Hoyt Vandenberg - Post-military Life

Post-military Life

A scratch golfer, General Vandenberg spent every free moment on the golf courses, but he was also a lover of movies, Westerns, and scotch. Unfortunately, his last months in uniform were painful, unhealthy ones. General Vandenberg retired from active duty as a result of major illness on June 30, 1953, and died nine months later at the Walter Reed Army Medical Center from prostate cancer at the age of 55. His remains are buried in Section 30 of the Arlington National Cemetery.

His wife, Gladys Rose Vandenberg, started the concept of the Arlington Ladies while Vandenberg was Air Force Chief of Staff. The program provides that a military lady of the appropriate service represents the service chief at all military funerals at Arlington Cemetery.

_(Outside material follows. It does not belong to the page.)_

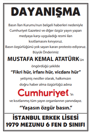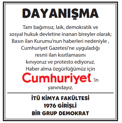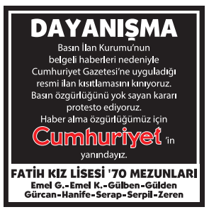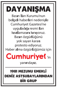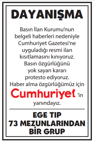 BASKI SÜRÜYOR, DAYANIŞMA BÜYÜYOR, OKURLARI CUMHURİYET'İ YALNIZ BIRAKMIYOR! BASIN İLAN KURUMU'NUN CUMHURİYET'E YÖNELİK İLAN KESME CEZALARINA KARŞI OKURLARIMIZ DAYANIŞMA İLANLARI VERİYOR, BAĞIMSIZ VE GÜÇLÜ CUMHURİYET'E DESTEK OLUYOR. DAYANIŞMA İLANLARI HAKKINDA BİLGİ İÇİN AŞAĞIDAKİ İLETİŞİM BİLGİLERİNİ KULLANABİLİRSİNİZ.

She was buried alongside her husband in Arlington National Cemetery upon her death on January 9, 1978. They are survived by their children, Gloria Miller, and retired Major General Hoyt S. Vandenberg, Jr., USAF.

On October 4, 1958, the missile and aerospace base at Camp Cooke in Lompoc, California, was renamed Vandenberg Air Force Base. In July 1963, the instrument ship USAF General Hoyt S. Vandenberg (T-AGM-10) was renamed at Cape Canaveral, Florida, for duty on the Eastern Space and Missile Range in the Atlantic. One of the two cadets' dormitories at the United States Air Force Academy, Vandenberg Hall, is also named in his honor. In addition, a popular enlisted "hangout" for technical school Airmen at Keesler AFB, Mississippi, is named in his honor. The Vandenberg Esplanade, located along the Merrimack River in Lowell, Massachusetts and part of the Lowell Heritage State Park, is named in his honor.